As a group of healthcare organizations work to fight the gradual effects of climate change, members of the Senate heard last week about the array of public health catastrophes that healthcare providers have to be ready to handle at a moment's notice.
“We don't really know where the next public health crisis is going to come from,” HHS Secretary Kathleen Sebelius said in her testimony before the Senate Appropriations Subcommittee on Labor, HHS and Education, held Sept. 29.
“It could be a dirty bomb in a subway car, it could be a naturally occurring superbug that's resistant to all treatments, it could be a biological weapon that we've never seen before,” Sebelius said.
Responding effectively to public health threats, such as an influenza pandemic, will require the ability to produce medical countermeasures—vaccines, antivirals, antibiotics, medical equipment and other defenses—quickly in the face of a crisis.
Sebelius referred to HHS' August review of the federal government's system to produce medications, vaccines, equipment and supplies needed for a health emergency, known as the medical countermeasures enterprise.
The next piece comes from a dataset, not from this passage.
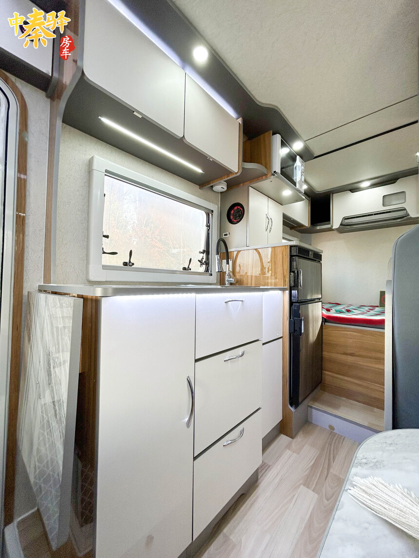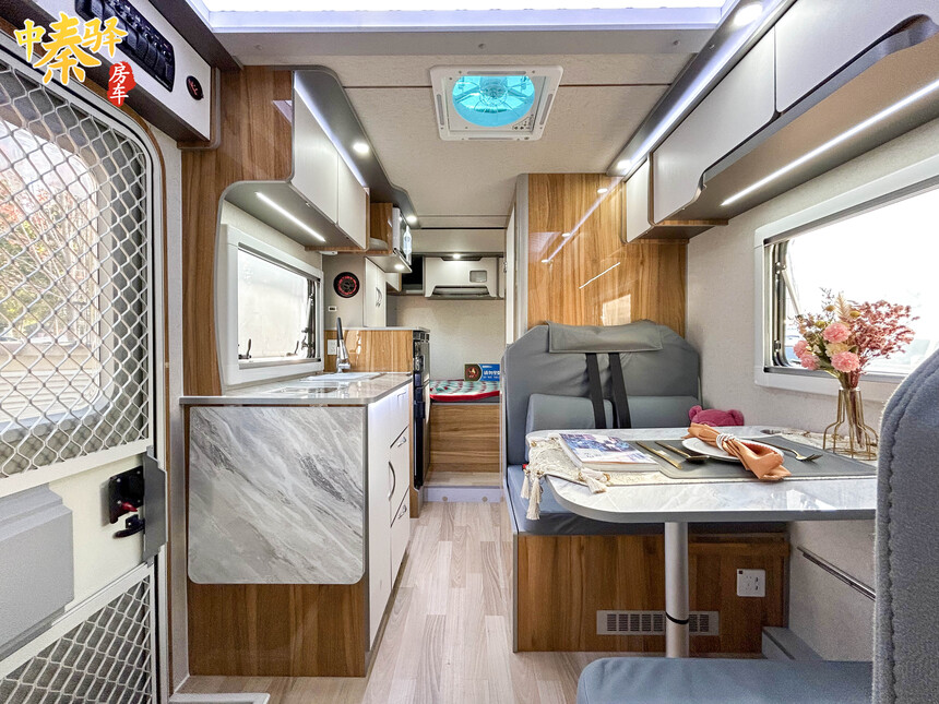 这款房车的尺寸为5830mm*2100mm*2680mm,长度远小于6米,前部采用小C型额头设计,灵活性和通过性要优于大多数C型房车,整车核载6人,蓝牌C照即可驾驶,低于2.7米的车身高度可以轻松应对城市、景区等各种限高路段。
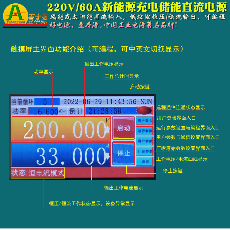 厂家订制220V/60A可编程直流稳压电源250V新能源充电储能直流电源

Sebelius said the report demonstrated significant weaknesses. “We found that the pipeline that we rely on to provide critical countermeasures is unfortunately full of leaks and chokepoints and dead ends,” Sebelius said.
The report also contained several recommendations aimed at ramping up medical countermeasures. For instance, Sebelius said, steps must be taken to streamline the approval process. Also, the report's authors urged the creation of a venture-capital firm that would provide initial funding for small companies “with big ideas for public health preparedness.”